Catch-and-release Fleece
Published: November 21st, 2006
By: Jim Mullen

Catch-and-release fleece

My brother-in-law, Dave, hunts pheasant and deer. A week before hunting season, a gigantic new store for outdoorsman opened, and Dave took me along for a quick shopping trip. The store looks like one of those giant rustic log hotels you see in the national parks. It is made out of immense peeled logs, 60 or 70 feet long, as thick around as one of the oddly, prissily clean, brand spanking new pick-up trucks in the parking lot. The building almost screams “Teddy Roosevelt Slept Here,” except for the fact that it was obviously built yesterday. The testosterone is still wet.

Massive, 12-point deer heads hang along either side of the main aisle, which leads to 40-foot-tall manmade mountain in the center of the gigantic store. Climbing the mountain is a mini Noah’s Ark of stuffed animals from raccoon to grizzly, from big-horned sheep to a giant sloth. It had everything except Bigfoot.

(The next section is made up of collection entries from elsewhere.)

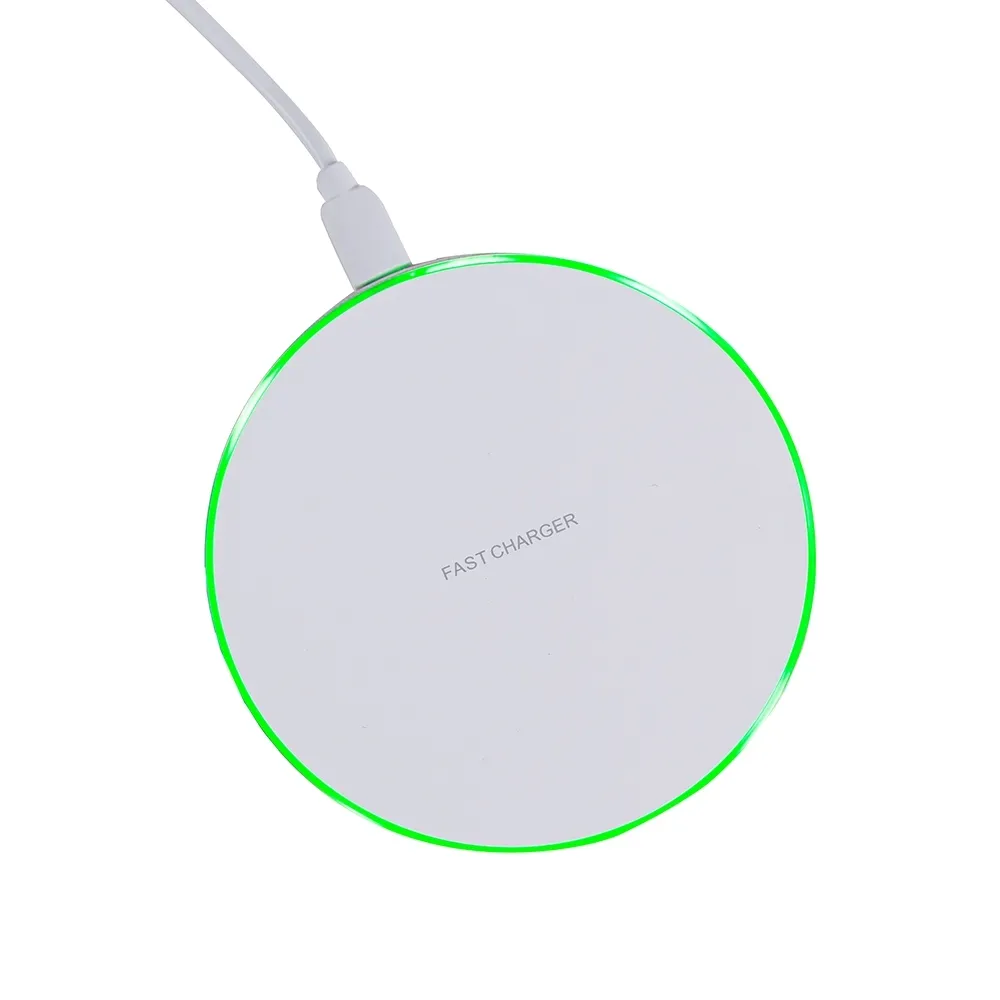 Já a base de carregamento em formato de disco, em plástico com antiderrapantes de silicone, opera por indução Qi: basta conectar a uma fonte USB e apoiar o aparelho. Possui luzes indicadoras e suporte a carga rápida quando o telefone permite; caso contrário, realiza carga padrão.
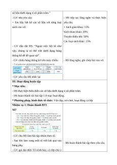 + Em hãy liệt kê các số liệu với từng loại yêu cầu. sách vào vở. + Sách giáo khoa: 15% Sách tham khảo: 20% Truyện thiếu nhi: 50% Các loại sách khác: 15%
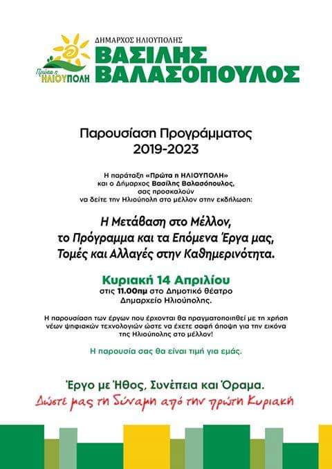 Πρώτα η Ηλιούπολη: ''Παρουσίαση Προγράμματος 2019-2023'' Εντός των τειχών 11 Απριλίου 2019 Πρώτα η Ηλιούπολη. Η Μετάβαση στο Μέλλον, το Πρόγραμμα και τα επόμενα Έργα μας, Τομείς και Αλλαγές στην Καθημερινότητα. Πρώτα η Ηλιούπολη Ηλιούπολη για όλους Ηλιούπολη www.ilioupoligiaolous.gr ilioupoli Προβλήθηκε 644 φορές Δείτε Επίσης: Εντός των τειχών Δείτε τα Όλα Σύλλογος Εκπαιδευτικών Π.Ε. Ηλιούπολης "Μ. ΠΑΠΑΜΑΥΡΟΣ'': ΑΝΑΦΟΡΙΚΑ ΜΕ ΤΑ ΕΡΓΑΤΙΚΑ ΑΤΥΧΗΜΑΤΑ ΠΟΥ ΓΙΝΟΝΤΑΙ ΣΤΑ ΣΧΟΛΕΙΑ ΜΑΣ 06 Φεβρουαρίου 2026 Πριν λίγες μέρες συνέβη ένα εργατικό ατύχημα σε συναδέλφισσα που εργάζεται στο 3ο ΔΣ Ηλιούπολης Συνελήφθη 20χρονος για 13 ληστείες σε βάρος ανηλίκων στην Αττική - Αναζητούνται 2 συνεργοί του 01 Φεβρουαρίου 2026 Η συμμορία δρούσε στις περιοχές των Αγίων Αναργύρων, της Ηλιούπολης, του Ελληνικού, του Αγίου Δημητρίου, της Αργυρούπολης, του Ιλίου και των Αχαρνών Ισοπαλία για ΔΙΑΝΑ, ΧΑΡΑΥΓΙΑΚΟ και ΦΩΣΤΗΡΑ ΗΛΙΟΥΠΟΛΗΣ 01 Φεβρουαρίου 2026 3 ΙΣΟΠΑΛΙΕΣ 18η αγωνιστική για ΔΙΑΝΑ, ΧΑΡΑΥΓΙΑΚΟ και 17η αγωνιστική για ΦΩΣΤΗΡΑ ΗΛΙΟΥΠΟΛΗΣ 30 Ιανουαρίου 2026 Σάββατο 31.01.2026 και ώρα 03.00 μ.μ. και Κυριακή 01.02.2026 και ώρα 03.00 μ.μ. ΙΣΟΠΑΛΙΑ ΓΙΑ ΤΗΝ ΗΛΙΟΥΠΟΛΗ (18η ΑΓΩΝΙΣΤΙΚΗ) 24 Ιανουαρίου 2026 ΚΥΡΙΑΚΗ 25.01.2026 ΚΑΙ ΩΡΑ 03.00 Μ.Μ. Νίκη για τον ΧΑΡΑΥΓΙΑΚΟ, ισοπαλία για την ΔΙΑΝΑ και νίκη για τον ΦΩΣΤΗΡΑ ΗΛΙΟΥΠΟΛΗΣ 24 Ιανουαρίου 2026 ΣΑΒΒΑΤΟ 24.01.2026 ΚΑΙ ΩΡΑ 03.00 Μ.Μ. ΚΑΛΛΙΘΕΑ - ΗΛΙΟΥΠΟΛΗ (18η αγωνιστική) 23 Ιανουαρίου 2026 ΚΥΡΙΑΚΗ 25.01.2026 ΚΑΙ ΩΡΑ 03.00 Μ.Μ. 17η αγωνιστική για ΔΙΑΝΑ, ΧΑΡΑΥΓΙΑΚΟ και 16η αγωνιστική για ΦΩΣΤΗΡΑ ΗΛΙΟΥΠΟΛΗΣ 23 Ιανουαρίου 2026 Σάββατο 24.01.2026 και ώρα 03.00 μ.μ.
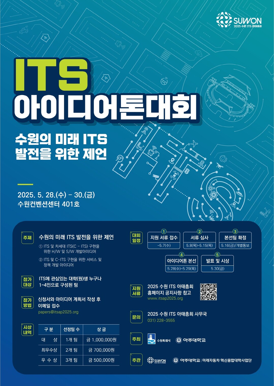 수원시는 아주대학교와 공동 주최하는 '2025 수원 ITS 아이디어톤 대회'가 2025년 수원 IT 아태총회 기간(5월 28일~30일)까지 열린다고 12일 밝혔다.
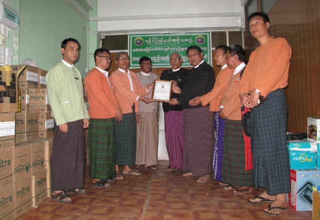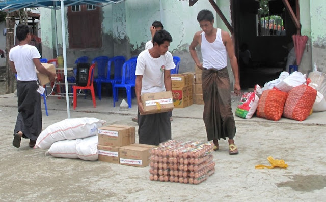 စက္တင္ဘာ ၉ ရက္ေန႔ နံနက္ပိုင္းက စစ္ေတြၿမိဳ႕ ဓမၼာရာမေက်ာင္းတိုက္ ေရာက္လာေသာ ရန္ကုန္နာေရးကူညီမႈအသင္း၏ ေထာက္ပံ့မႈမ်ားကို ေရႊ႕ေျပာင္းေနၾကသူမ်ား။အနယ္နယ္မွ အရပ္ဘက္အဖဲြ႔အစည္းမ်ားက စစ္ေတြၿမိဳ႕အႏံွ႔အျပားရိွ ယာယီဒုကၡသည္စခန္းမ်ားကို ဆက္သြယ္ၿပီး အကူအညီေပးလ်က္ရိွသည္။
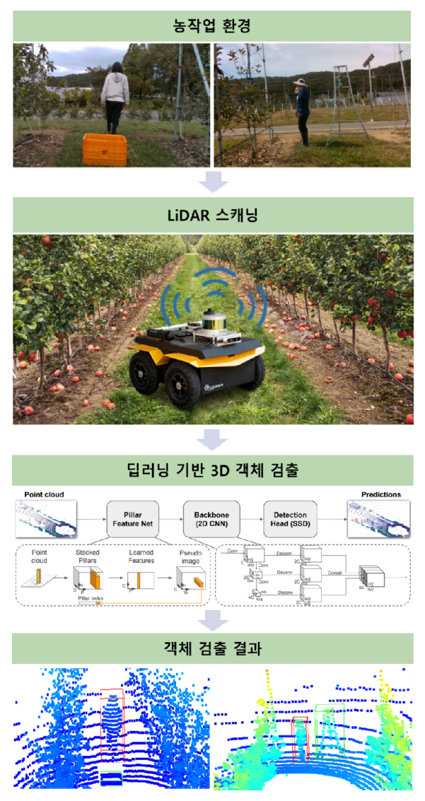 실제 농작업 환경에서 LiDAR를 통하여 실시간으로 포인트 클라우드 데이터를 취득하고, 이를 학습된 딥러닝 기반의 3D 객체 검출 모델을 사용하여
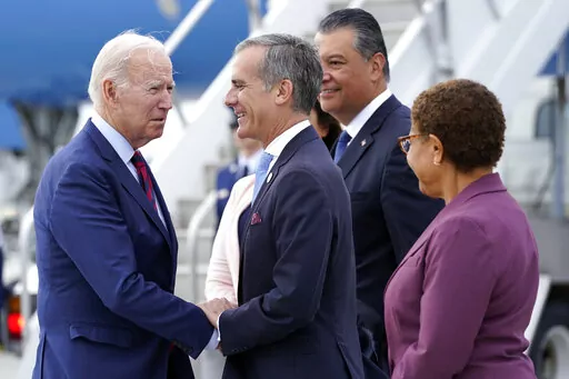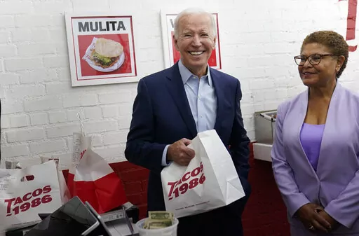 Democratic candidates have been far more likely to appear with Biden at official White House events underscoring their achievements than at overt campaign events. In California, Biden was joined by state lawmakers and the city's mayor, and he called them out individually. Rep. Karen Bass, who is running for mayor of Los Angeles, made a takeout run with Biden to a taco shop.
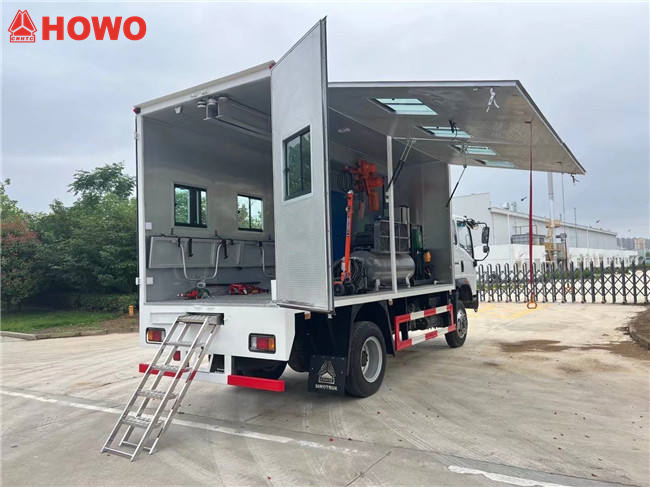 Le véhicule d'entretien mobile HOWO 4x4 présente les configurations suivantes : cabine HOWO 1880 à une rangée, empattement de 3 360 mm, moteur Weichai WP3NQ140E50, boîte de vitesses WLY6G120, fourgon de 4 200 × 2 100 × 2 000 mm, panneau latéral droit à envergure variable avec support télescopique, vitres, plaque de fond en alliage d'aluminium, éclairage intérieur et outils d'entretien comprenant un compresseur d'air, un générateur, des étagères sur mesure, une grue hydraulique à bras repliable, une armoire à outils et un système de ravitaillement.machine avec pistolet de ravitaillement et enrouleur de tuyau d'huile de 10 mètres, échelle, bouteilles d'oxygène, bouteilles d'acétylène, machines de découpe au gaz et de soudage hydraulique, uneMeuleuse à disque manuelle, deux extincteurs, etc.

“Why is it that being stuffed and mounted is good enough for a grizzly, but not good enough for, say, grandpa?” I asked Dave. “I miss the old guy, but I’ve never visited his grave. Now I’m thinking, why did we spring for a stone when for the price of a mid-range coffin we could have had him stuffed and put in the TV room? I think he’d go as well with our dÇcor as any stuffed elk or mountain goat.” Dave said nothing. He has learned not to listen to me.